|Muted greys, cloudy whites and
blush tones dominated the collection.
With the likes of Prada, Max Mara and Zilli sponsoring art collections and Louis Vuitton and Hermès employing artists to design handbags and scarves, the relationship between high fashion and high art has long been close. On June 12, it became even tighter, with the exhibition of Salvatore Ferragamo's Cruise collection at the Louvre in Paris.
Although the Jardin des Tuileries, the long stretch of park next to the Louvre, is thick with white show tents every Paris Fashion Week, this was the first time the museum itself had opened its doors to a commercial fashion activity. Given the museum's financial situation, it's not surprising.
Although the Louvre is owned by the French government, in 2003, the museum was required to generate more funds independently for projects. By 2006, government funding dropped from 75 to 62 per cent of its total budget, and perhaps as a consequence, in 2007 the Louvre made a controversial deal with Abu Dhabi to open a branch there (work on the project was temporarily suspended, but has now resumed).

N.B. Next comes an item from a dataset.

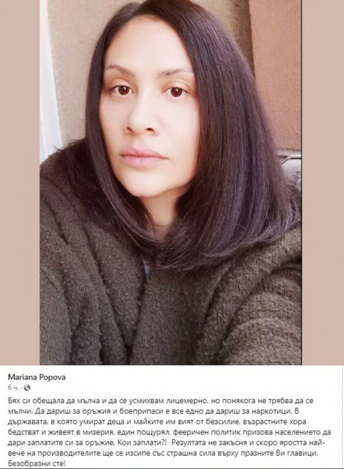 Бях си обещала да мълча и да се усмихвам лицемерно, но понякога не трябва да се мълчи. Да дариш за оръжия и боеприпаси е все едно да дариш за наркотици. В държавата, в която умират деца и майките им вият от безсилие, възрастните хора бедстват и живеят в мизерия, един пощурял, фееричен политик призова населението да дари заплатите си за оръжие. Кои заплати?! Резултатът не закъсня и скоро яростта най-вече на производителите ще се изсипе със страшна сила върху празните Ви главици.
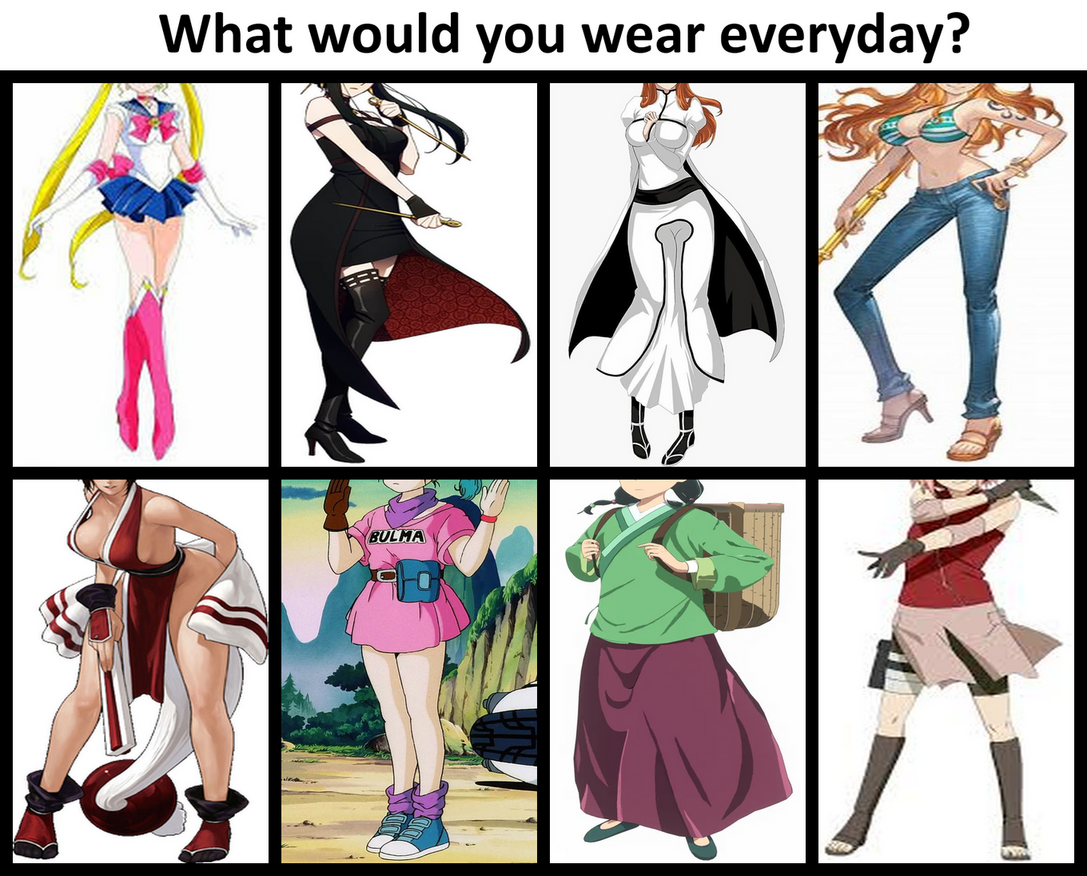 Bulma's and MaoMao's. They're the only comfortable outfits. Everything else is either for showing off or battling.

With a constant need to refill its coffers, having corporate sponsors for specific exhibitions became another means of generating funds for the vast cultural vault. The House of Salvatore Ferragamo made its contribution here as the exclusive sponsor of the recent exhibition celebrating the renovation of Leonardo da Vinci's last great masterpiece, The Virgin and Child with Saint Anne.
The muted, classical colours of the da Vinci work seemed to influence Ferragamo's head designer, Massimiliano Giornetti: models strutted down the quarter mile long catwalk in silvery grey crocheted dresses, slim, cloudy white trousers, blush-toned, fringed shifts and python boots and sandals in the same hues. The entire collection was in stark contrast to the flashy colours and splashy patterns shown last year by the house.
Aiming to more closely link fashion and art, Ferragamo invited guests, including Frida Pinto, Hilary Swank and the ubiquitous Chinese actress Fan Bingbing, to a private viewing of the da Vinci exhibit before the catwalk show began. In an interview with The Wall Street Journal, Giornetti articulated the connection between clothing design and art: "I think of fashion as a live form of art, bringing to life artisanal tradition," he stated. But the designer also emphasised that the Louvre show was an opportunity to express connections between art, history and Italian heritage, particularly "the artistic and artisan traditions of Tuscany."
A family business for generations, Ferragamo has always kept its eye on the future, and is recognised in the industry for its forward thinking. To wit: it was one of the first fashion houses to recognise the importance of the emerging Asian markets, and was a retailing pioneer there; others eagerly and rapidly followed. Could the same hold true for catwalk venues? Dior Couture at the Uffizi? Prada F/W at the Tate? Don't be surprised if art soon gets far more fashionable.